かくして亀と激しいバトルを繰り広げる本当のトモダチ。でも、かなりてこずってるな。大丈夫か?
……いや、俺は手を貸さない! ここでやられるようなら、お前はそこまでの……。
突然、本当のトモダチが倒れ、絶命した。
……男……だ……え?
待て待て待て、一体なにがあった? って、あ!! 本当のトモダチにピラニアっぽい魚が群がってる! こいつにやられたのか!
……やっぱり、こいつも本当のトモダチじゃなかった。結構苦労したのになー……。
でもこれじゃ、次の友達は大変だぞ。
そう思いながら、トリケラトプスを肉と革に解体している俺の前を、小型の恐竜が通り過ぎた。
むむ、こいつは小さいけど、もしかしたら強いんじゃないのか? 曲がりなりにも肉食っぽいしな。
* * * * *
……かくして、俺の前には、さっき捕まえた奴と同種の恐竜、ティロフォサウルスたちが勢ぞろいしていた。
数は力だと思った俺は、彼らを片っ端から捕まえ、しもべにしたのだ。
名付けて……『少年〇偵団!!』。なお、小学館とは何の関係もありません……。ごめんなさい。
だが、俺はこの少年探〇団をあっけなく失うことになるのだった! そう、俺がある欲望を抱いたことがきっかけに……。
* * * * *
拠点の近くの湖をぐるっと探検していたところ。とても大きな、山のような背びれが特徴の恐竜と出会ったのだ。
こいつが仲間になればすごいだろうなー、と思った俺は、『意外とポーラが効くかも?』と淡い期待とともに、奴に挑んだ。だが、それが失敗だったのだ!

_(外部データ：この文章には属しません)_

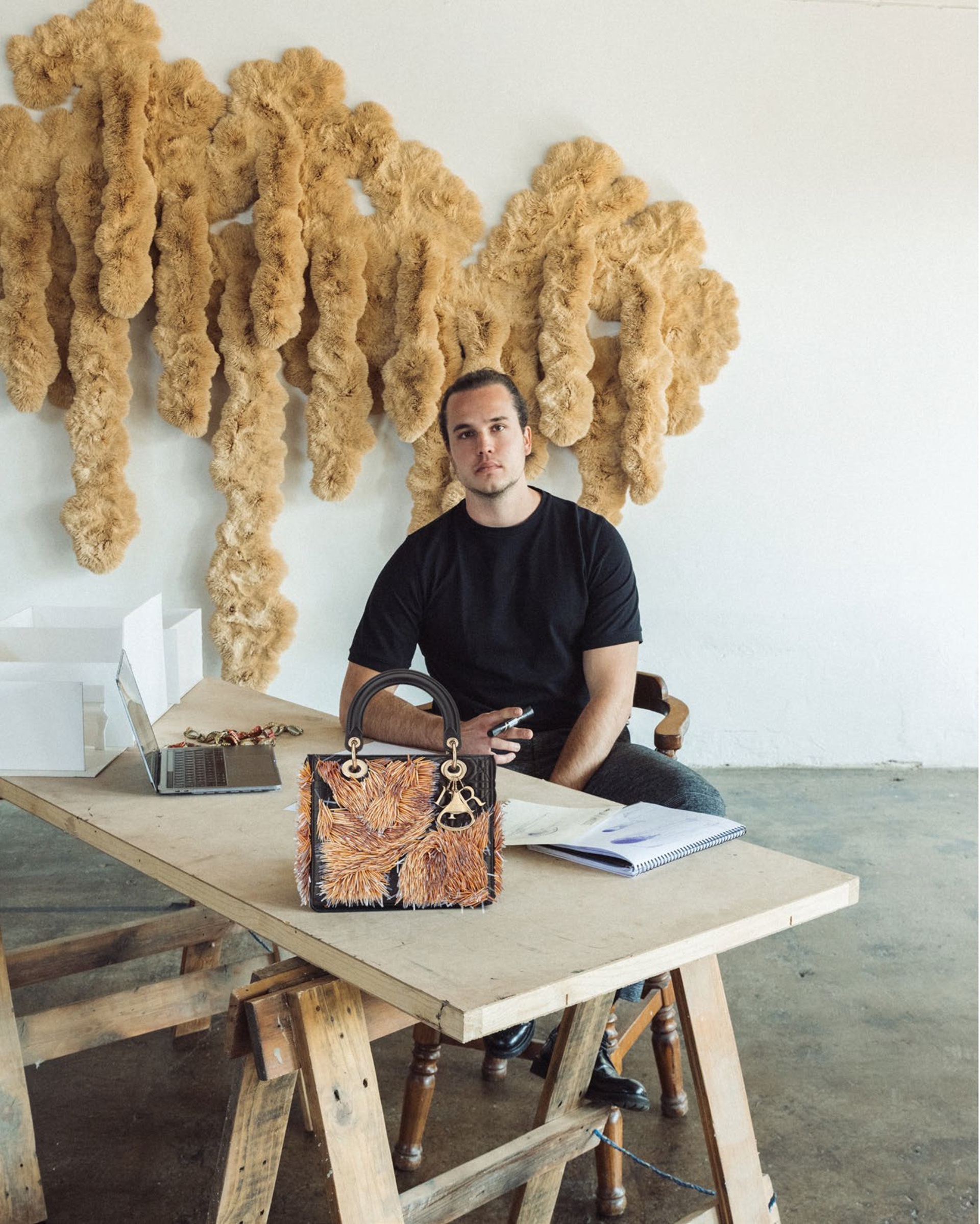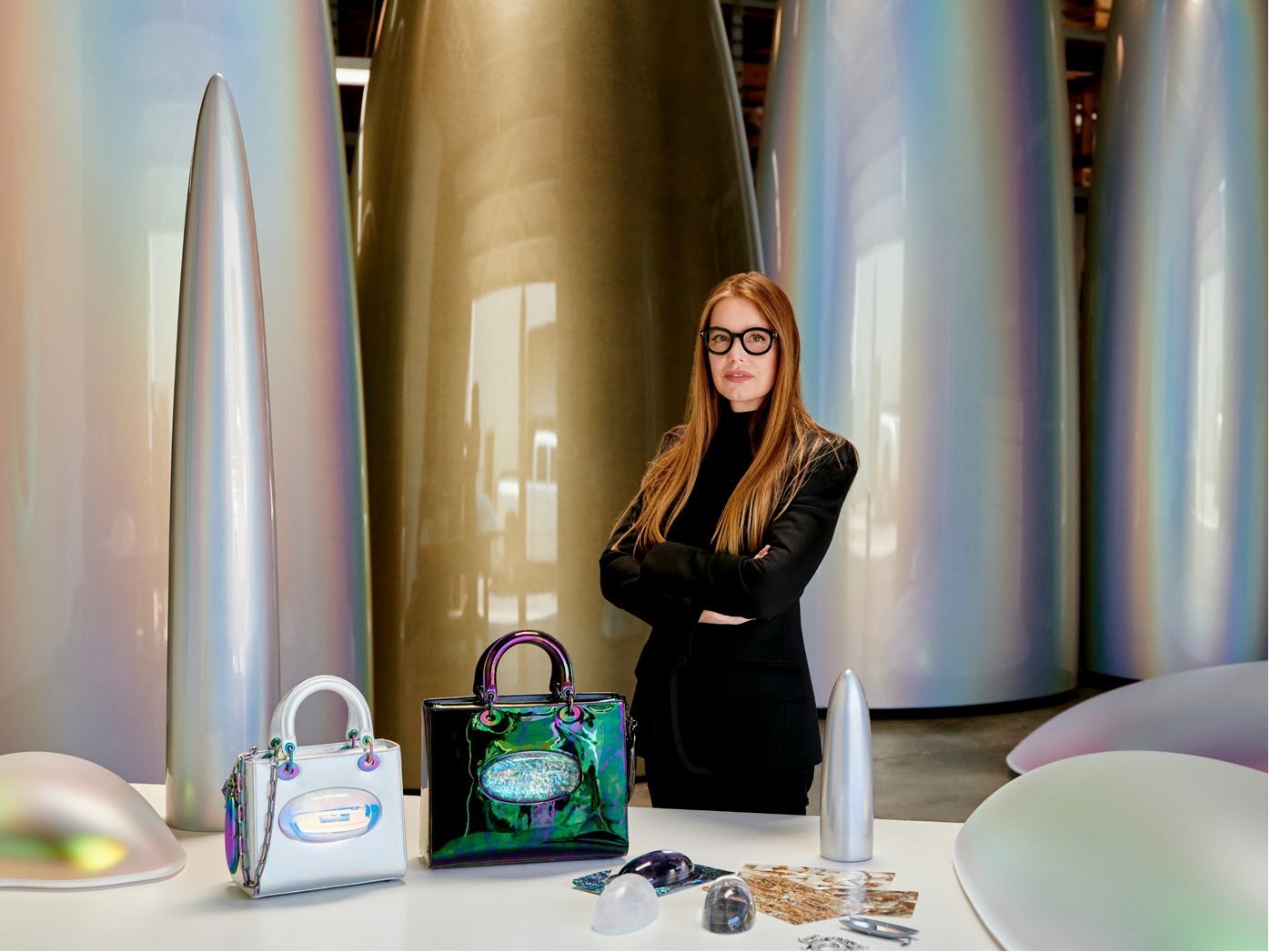 Gisela Colón的作品則充滿未來感,中央鑲嵌蛋白石效果的綠色橢圓形為視覺焦點,包款側邊附上的梭形鏡子對比之下有手做的純樸溫潤,她將心中的未來包款分別命名為「星塵」(Stardust)與「亞馬遜」(Amazonia)。佩雷特將自身著迷的虛構語言,結合楔形文字、繪畫及蒙德里安的幾何美學,以掛毯圖紋方式化身成Lady Dior。藝術團體回收小組則是用波浪和漩渦效果解構、重塑經典籐格紋圖案,探索「虛擬永生」的概念;藝術家Chris Soal將印有佩雷特Dior字樣的瓶蓋對折、滿滿地覆蓋在包身表面,宛如斑斕貝類,或用手工上色的牙籤形成立體刺繡效果。

やはりというべきか、ポーラは効かず、奴は俺に飛び掛かってきた! その俺を助けようと、少年〇偵団たちが恐竜に飛び掛かる!
だが、奴は強すぎる! 瞬く間に、二匹の探〇団が蹴散らされ、絶命した。
そして……。
一番強い探偵団が尻尾の一撃で肉塊になるのと同時に、奴の牙が俺に突き刺さり、俺は死んだ……。
ちょっと待て、強すぎるだろコイツ!?
それが今回の生で俺が最期に思ったことだった……。